In due course, the coffee pot fell quiet. The counter and floor were left with a thin brownish film. He poured himself a cup, took the now cold toast from the toaster, sat at the table, and gazed out the window. He sipped the coffee. It tasted like tea. He began to cry then dropped his head to his arms. How would he live without her?

The phone rang. He jerked upright. That would be Catherine, he thought. She knew he’d be up by this time. He always was. He blew his nose on a napkin and reached for the phone.

“Hello,” he said.

“Hello,” said her sweet voice, not unlike her mother’s. “Just wanted to see how you’re doing this morning.”

“Ok, I guess.” He didn’t want to mention the coffee pot, didn’t want her to know. “How about you?” Stupid question. How would she be?

“I’m fine. Randy and I’ll be over around eight. ”

“That’s awful early,” he said.

“That’ll give us a little time before we have to go to the funeral home,” she said.

“We don’t need to leave so early.”

“We won’t have to leave right away.”

She chattered on a few moments, like someone desperate to plug the hole in a leaking dike.
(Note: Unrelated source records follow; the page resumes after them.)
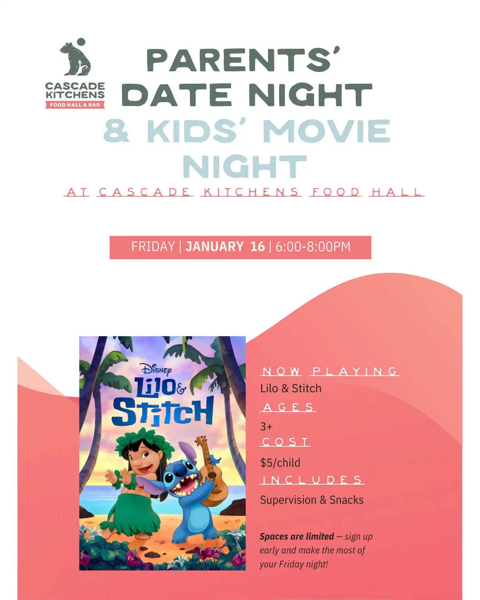 Parents' Date Night & Kids Movie Night at Cascade Kitchens
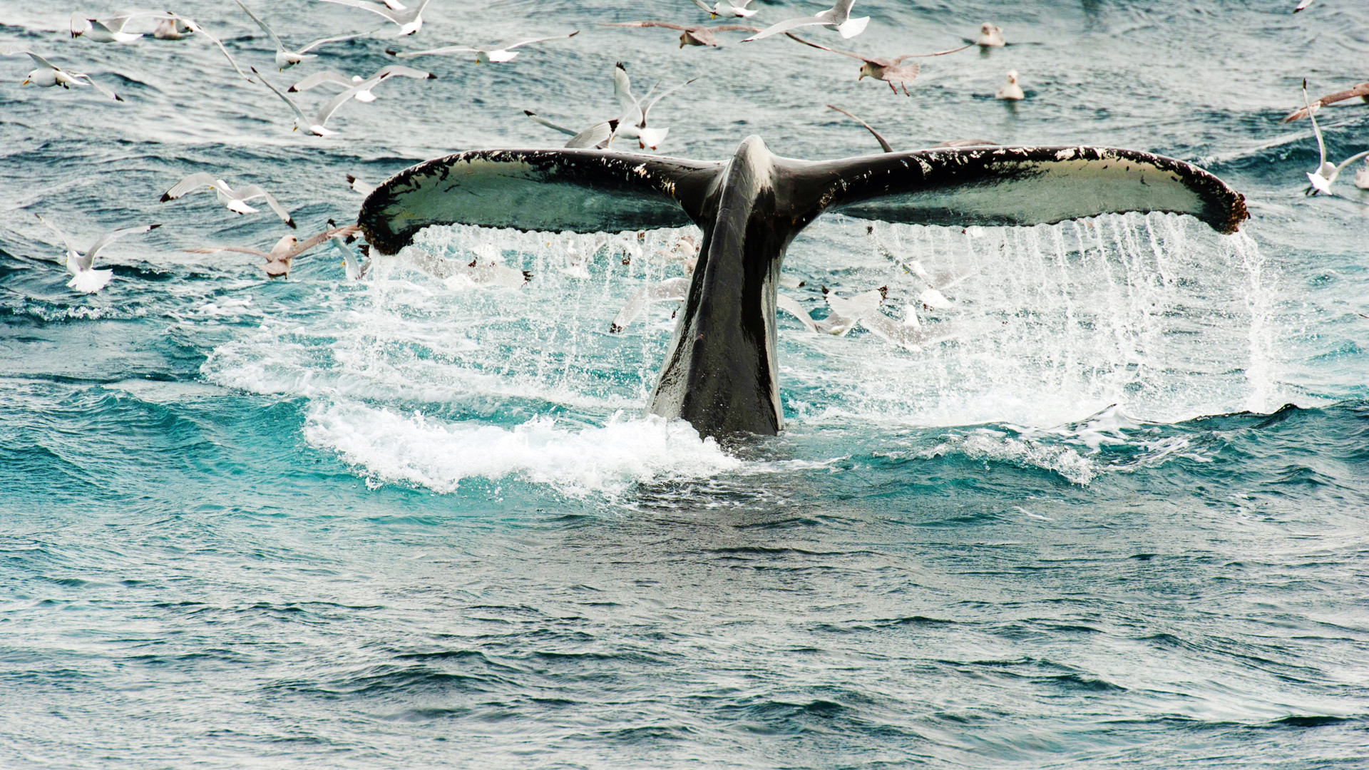 The humpback whale only eats during half the year. The rest of the year it lives on its own fat reserves. During the bright summer months, it moves to the far north or south to feed, and during the winter it moves to warmer waters around the equator.
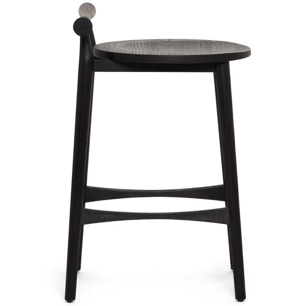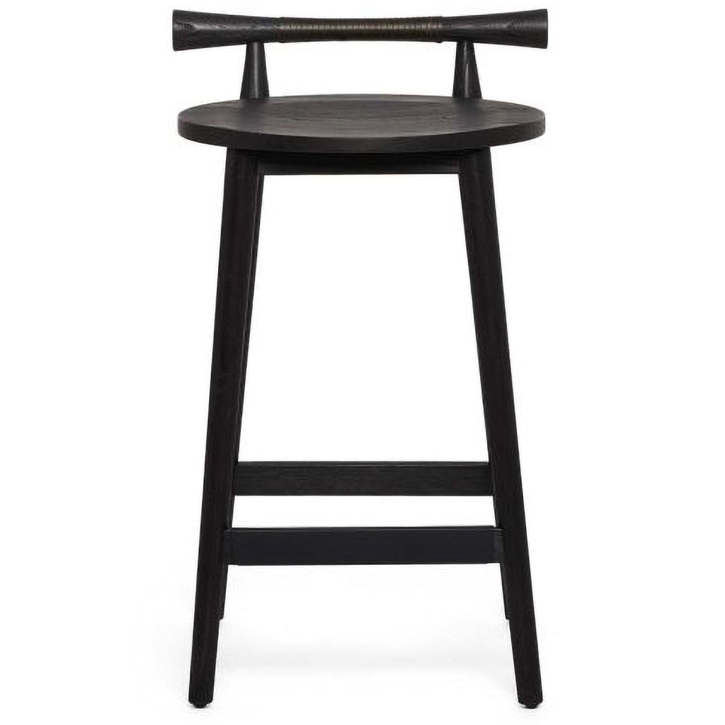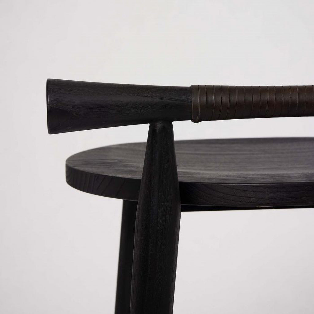 The Madeira Counter stool has a stunning global vibe thanks to an evocative silhouette realized in matte black sungkai wood with leather detailing.
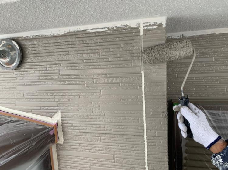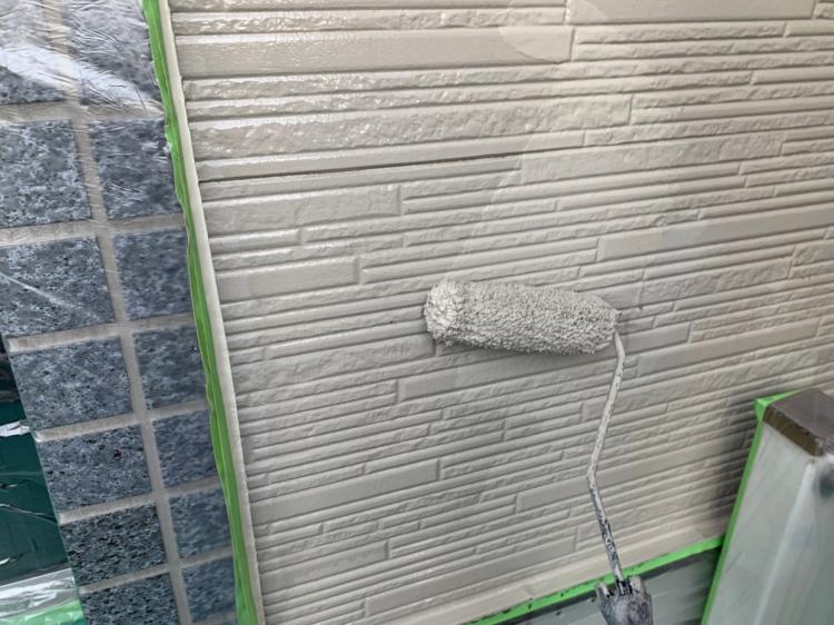 カチオンシーラーで下塗りを行った外壁に仕上げのトップ塗料をローラーで塗布していきます。
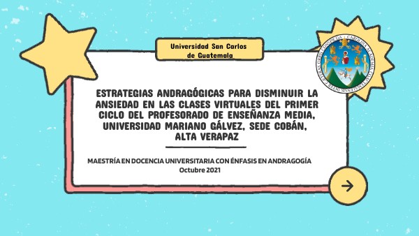 - Fomentar el uso de estrategias andragógicas como medios y técnicas para disminuir la ansiedad en las clases virtuales de los estudiantes del primer ciclo del Profesorado de Enseñanza Media, Universidad Mariano Gálvez, sede Cobán, Alta Verapaz
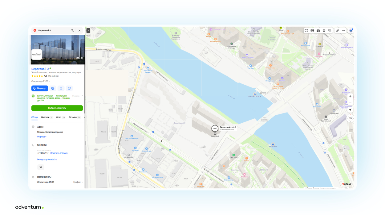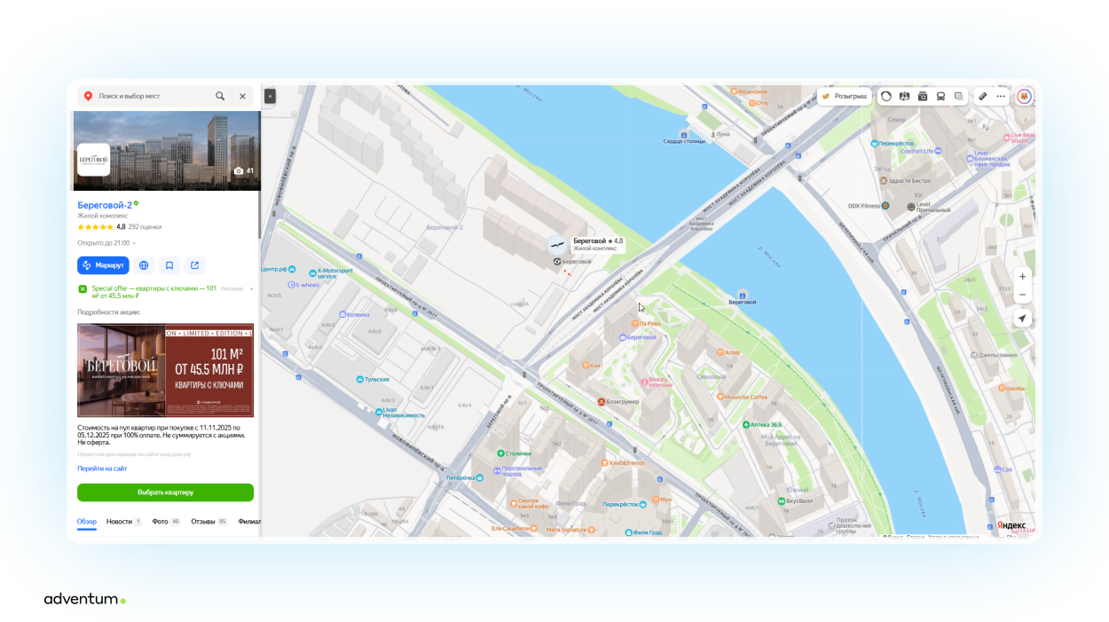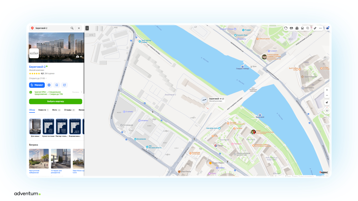 «Яндекс Карты — уже давно базовая часть воронки продаж в категории недвижимость. Фактически карточка жилого комплекса — альтернатива брендовой выдаче контекстной рекламы. Однако в отличие от контекста, формат обладает элементами вовлечения: историями, новостями и другими инструментами. Команда Adventum помогла нам развивать инструмент: от подготовки контента карточки и запуска до регулярных и своевременных обновлений. В результате мы получили измеримый рост охвата и конверсий».
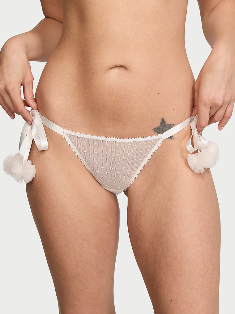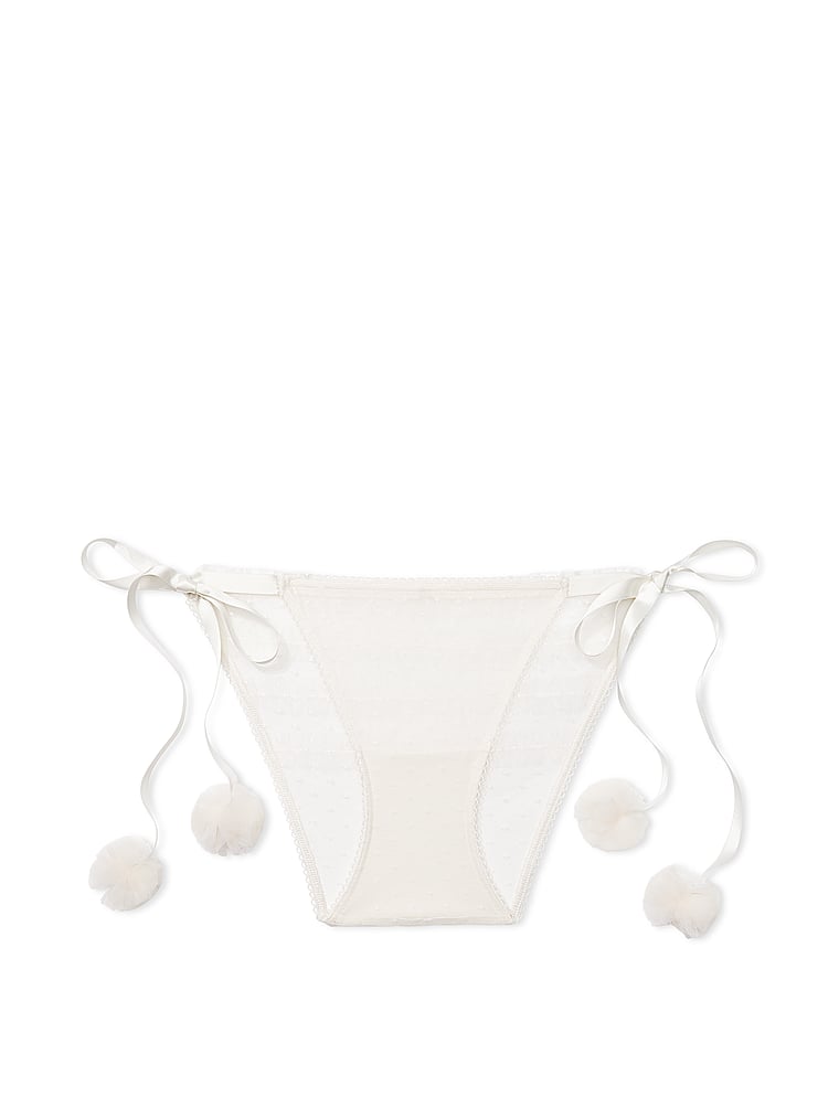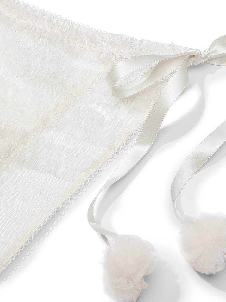 Add some flirty touches to your aisle style with this sheer pair, featuring tulle ruffles in back and satiny side ties with fluffy poms.
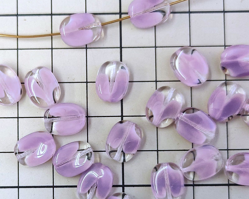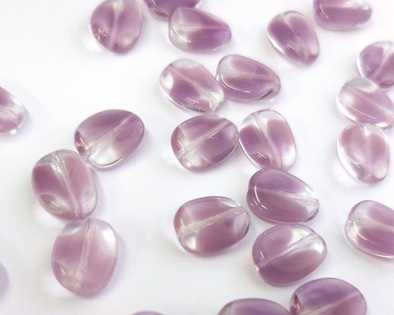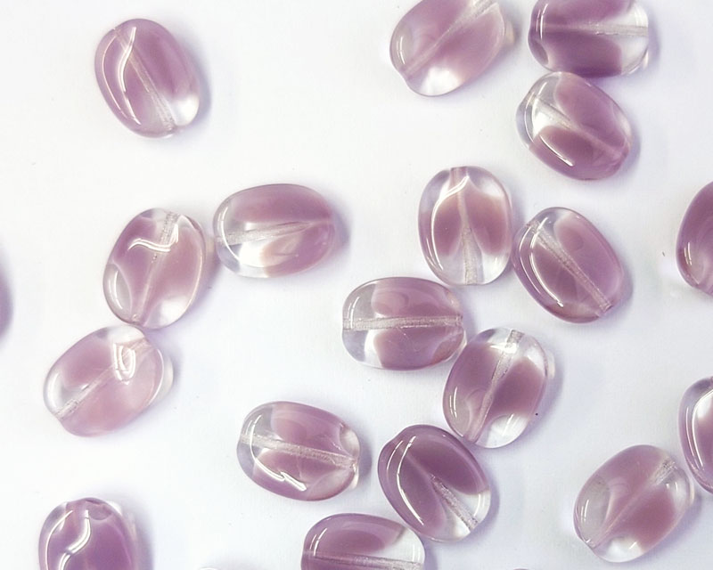 チェコガラスビーズ/ツイスト/クリア×ミルキーパープル/約12×9mm(2個)
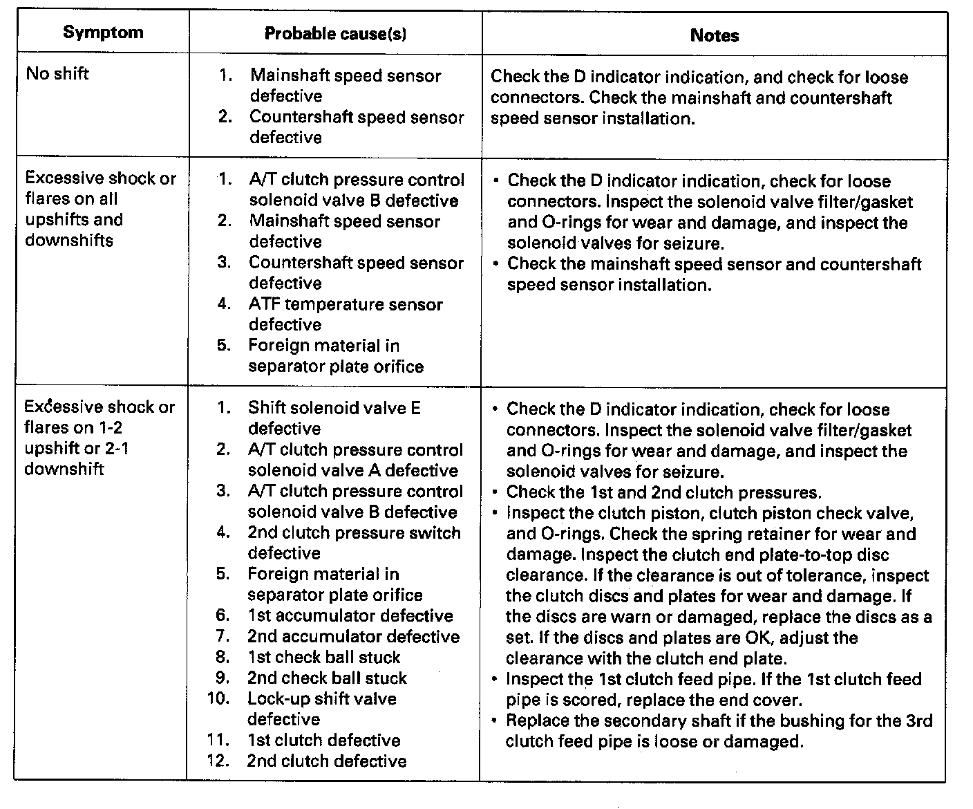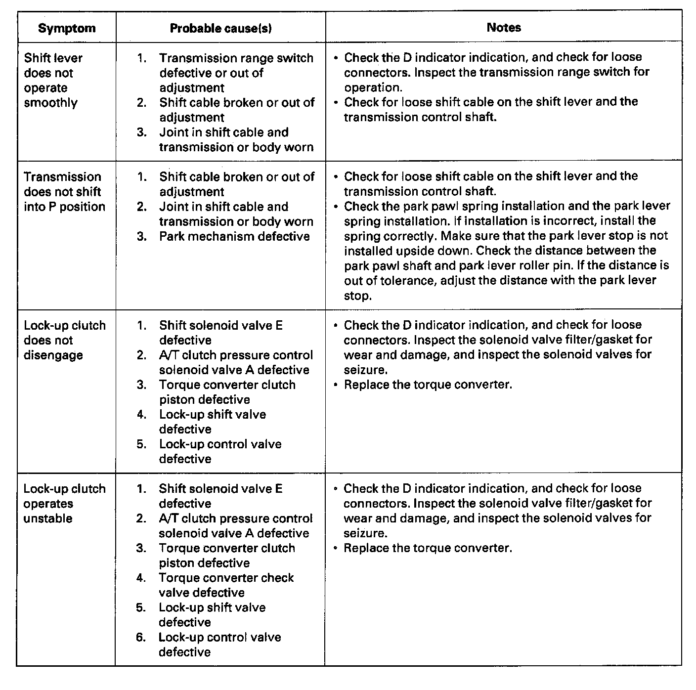 Symptom Troubleshooting IndexThese symptoms DO NOT trigger Diagnostic Trouble Codes (DTCs) or cause the D indicator to blink. If the Malfunction Indicator Lamp (MIL) was reported ON or the D indicator has been blinking, check for DTCs. But if the vehicle has one of the systems in the following chart, check the probable cause (s) for it, in the sequence listed, until you find the problem.
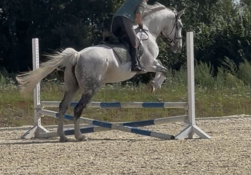 Since I am giving up show jumping, I have decided to sell my 14-year-old Hannoverian mare (Stolzenberg x Lordanos), standing at 175 cm. She is in excellent condition and eager to work. Due to her strong go, especially over fences, she is not suitable as a beginner's horse. I can very well imagine her as a teacher for someone with some jumping experience. She is absolutely reliable at the jump, never refuses, and never runs past. She always finds the right distances, even if they are not perfect. In handling, she is very sweet and people-oriented. Currently, she is barefoot but is also used to full shoes. She is kept in an active stable and is very happy with her turnout. She is also accustomed to being stabled overnight. She has a mild back issue (kissing spines), which does not affect her at all during riding. I purchased her with this condition and have never had any problems. She has competition experience, trained up to S-level show jumping, and has been presented at that level. However, due to her back, I believe she should no longer jump at such heights. Up to A/L level, she has no issues and enjoys it very much. I am explicitly not selling her as a competition horse, as she has already proven herself in that role, but I see her more as a leisure horse for someone who loves her and wants to learn from her, or possibly as a broodmare. A suitable jumping saddle can be purchased additionally for an extra fee. For a trial ride, I charge €35, which will be deducted from the purchase price if you decide to buy. Serious inquiries are welcome. Unreliable or unserious requests will not be answered. Priority goes to the right home over price.

After he said good bye, he took a sip the impotent coffee. Marian’s coffee had been full, invigorating, like Marian herself. His mind wandered. Yes, they had had their ups and downs, but in the beginning, after John was born, it was bliss. He was a happy, fulfilled man. Then he got laid off and she found out she was pregnant again. Even though he got another job after four months, it had never been the same. He lived with the knowledge that bad things could happen – would happen – to him.

He shuffled to the microwave to warm the coffee.

They had held it together, though, he and Marian. And through it all she had been a bastion. She changed the diapers, got the kids to school, took them to soccer practice, kept the house. Had he ever thanked her? He couldn’t remember. She had been there when he had the heart attack. Called 911 herself. Sat by his hospital bed day and night. The unpalatable diet the doctor had insisted on? She enforced it and magically made it palatable. Even salads – with apples and oranges and walnuts tucked mid the lettuce and cucumbers.

“What’s in this salad dressing?” he’d asked.

“Oh, a mystery ingredient,” she teased.

And cauliflower, who can stand that? But her cauliflower disguised as mashed potatoes? “How do you make this so good?” Same answer.

He lingered at the table. Sunlight now illumined the nook and glanced off his white coffee cup. She never did tell him the mystery ingredient.

The doorbell jarred him. “Oh, my God,” he thought. “It’s Catherine and Randy, come to pick me up.”

He hurried to the door, still in his baggy pajamas. “I’m so sorry,” he blurted as he opened the door. “Time got away from me.”

Catherine hugged him and walked in. “Don’t worry. We have plenty of time.” Her voice was strong, reassuring.

Her husband entered behind her, with Michael, dressed in his Sunday clothes. His eyes were fixed on the carpet. Making the briefest eye contact, Michael said, “Hi, Gramps.”

This would be hard for him. He’d never been to a funeral. And he loved his grandmother. Gary put his arm around the boy’s shoulders and gave a hug. “Hi, Michael.”

Catherine said, “John and Lisbeth can hold down the fort till we get there.”

As Gary shuffled off to shower, he wondered if Catherine might know Marian’s mystery ingredient. He stopped at the hall door and turned. “Catherine,” he said. “I’ve been thinking about my diet.” He hesitated.

“Yes?” she said.

“Well . . . uh . . . you don’t by any chance know Mom’s mystery ingredient?”

Catherine’s eyes met his for moment, then she said, her voice cracking slightly, “Yes, I know it.”